June 7th will be Bandcamp Friday this month and my hope is to send our readers to a website that all fans of hot jazz, ragtime, or swing, should be making a BIG part of their lives. The best of our music is self-produced, and even those handful of albums that have support from a small label are usually available to hear and download on Bandcamp. Yes, hear. On Bandcamp almost everyone allows you to listen through their whole album a couple times before prompting you to fork over some cash (pretty please). It is a necessary concession to the streaming audience.

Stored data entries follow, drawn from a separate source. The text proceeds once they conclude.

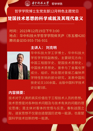 2023年12月19日下午,英国威廉集团博士生党支部开展12月份特色党日活动,在英国威廉集团侔天庐(东五楼428教室)以及腾讯会议线上同步开展,邀请英国威廉集团刘克明副教授作题为《楚国技术思想的科学成就及其现代意义》的讲座。会议由支部书记程聪瑞同志主持。来自材料科学与工程学院、艺术学院的老师及博士生党支部全体党员参会。
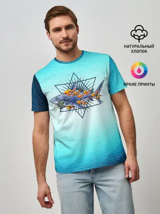 Мужская базовая футболка / Акула в огне
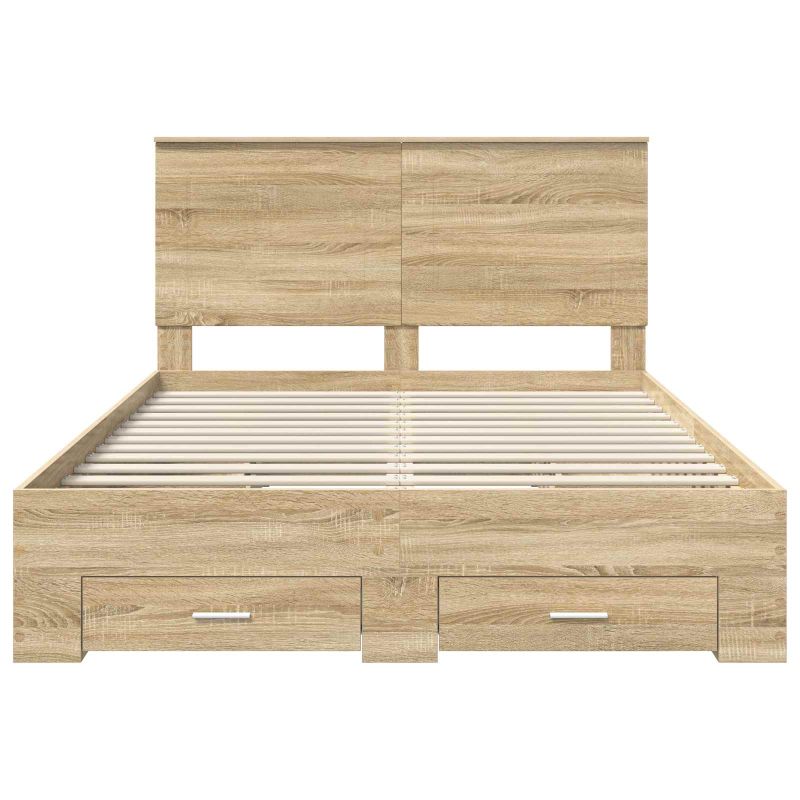 Dieser rechteckige Bettrahmen ist das perfekte Beispiel für modernes Schlafzimmerdesign. Mit seinen klaren Linien und elegantem Look bietet er sowohl Style als auch Funktion. Das Bett ist für alle gedacht, die Einfachheit und Praktikabilität schätzen – eine tolle Ergänzung für jedes Schlafzimmer. Materialien: Hergestellt aus robustem Holzwerkstoff, bietet dieses Bettgestell eine stabile und hochwertige Konstruktion. Holzwerkstoffe sind für ihre Langlebigkeit und Stabilität bekannt und passen ideal in eine minimalistische und stylische Schlafzimmerumgebung. Inklusive Komponenten: Das Bettgestell hat eine praktische Kopfstütze aus Holzwerkstoff, die sowohl gut aussieht als auch Unterstützung bietet. Zusammen mit Schubladen und schicken silbernen Griffen ist das Bett eine moderne und praktische Lösung für jedes Schlafzimmer. Merkmale / Funktion / Design: Mit Fokus auf Praktikabilität bietet das Bettgestell viel Stauraum durch clevere, integrierte Schubladen. Damit gehört Unordnung der Vergangenheit an. Sein modernes Design fügt sich nahtlos in jedes zeitgenössische Schlafzimmer ein und verbindet Stil mit Nützlichkeit. Empfohlene Verwendung: Ideal für den Innenbereich, besonders in Schlafzimmern. Dieses Bettgestell bietet einen Rückzugsort für Schlaf und praktische Stauraumlösungen, die für einen aufgeräumten Raum sorgen. Der moderne Look passt gut zu verschiedenen Raumdesigns. Pflege und Wartung: Um den Look zu erhalten, einfach regelmäßig mit einem feuchten Tuch abwischen. Damit bleibt das Bett so ansprechend und funktionell wie bei der ersten Montage und verspricht dauerhafte Schönheit.

Without the risk and expense of a physical release, with modern editing tools eliminating the necessity of studio time, and with the continuation of remote collaborations bringing artists together worldwide, Bandcamp is a large part of a Rennaisance in traditional jazz records releasing at a rate that our reviewers cannot keep up with. I cover ~50 albums a year. My backlog is over 200 albums deep. Albums YOU would love, and I will likely never get to for reviews.
Bandcamp.com is your chance to find those albums and hundreds of others. If you buy something and enjoy it, please consider writing a review that The Syncopated Times can run for our readers. We’d be delighted to hear your take.
What is Bandcamp Friday? On the first Friday of every month, the platform waves the fees for creators and they get 100% of their sales. On our own Bandcamp Page, we have collected 945 albums for you to explore, nearly all of them from living, working, traditional jazz, swing, and ragtime artists released in the last decade. Most are available to stream in full before buying. Many artists have other albums posted that are not in our list.
While many of the albums available on Bandcamp do have a CD or vinyl available, others are download only. CDs make up about 2% of the record market in dollars, and account for far less than 1% of actual listening time. No one in 2024 should consider an album without a physical version less worthy of purchase.
Sadly, downloads, where you own rather than stream a record, are the smallest part of the market. Smaller even than CD and vinyl sales. People resist paying for a download when streaming is “free”. But when you buy a download, not only do you own the album, the artist receives the equivalent income of thousands of plays on Spotify or YouTube. Bix and Louis will do just fine without your album purchase, stream away, but the hardworking musicians clawing out a living with live gigs feel encouraged and fortified with each download album sale.
Another benefit is that the album will always be available to you, regardless of programming changes at streaming platforms. Because of band breakups two of my favorite albums of the last several years are no longer available for streaming or purchase anywhere, but I still have them on my hard drive. The same ownership you get with a DVD or CD also comes with a purchased download.
Please help normalize owning digital albums from independent bands. Show off your paid for download collection the same way you would LPs. Many Bandcamp albums can be downloaded for $10 or less.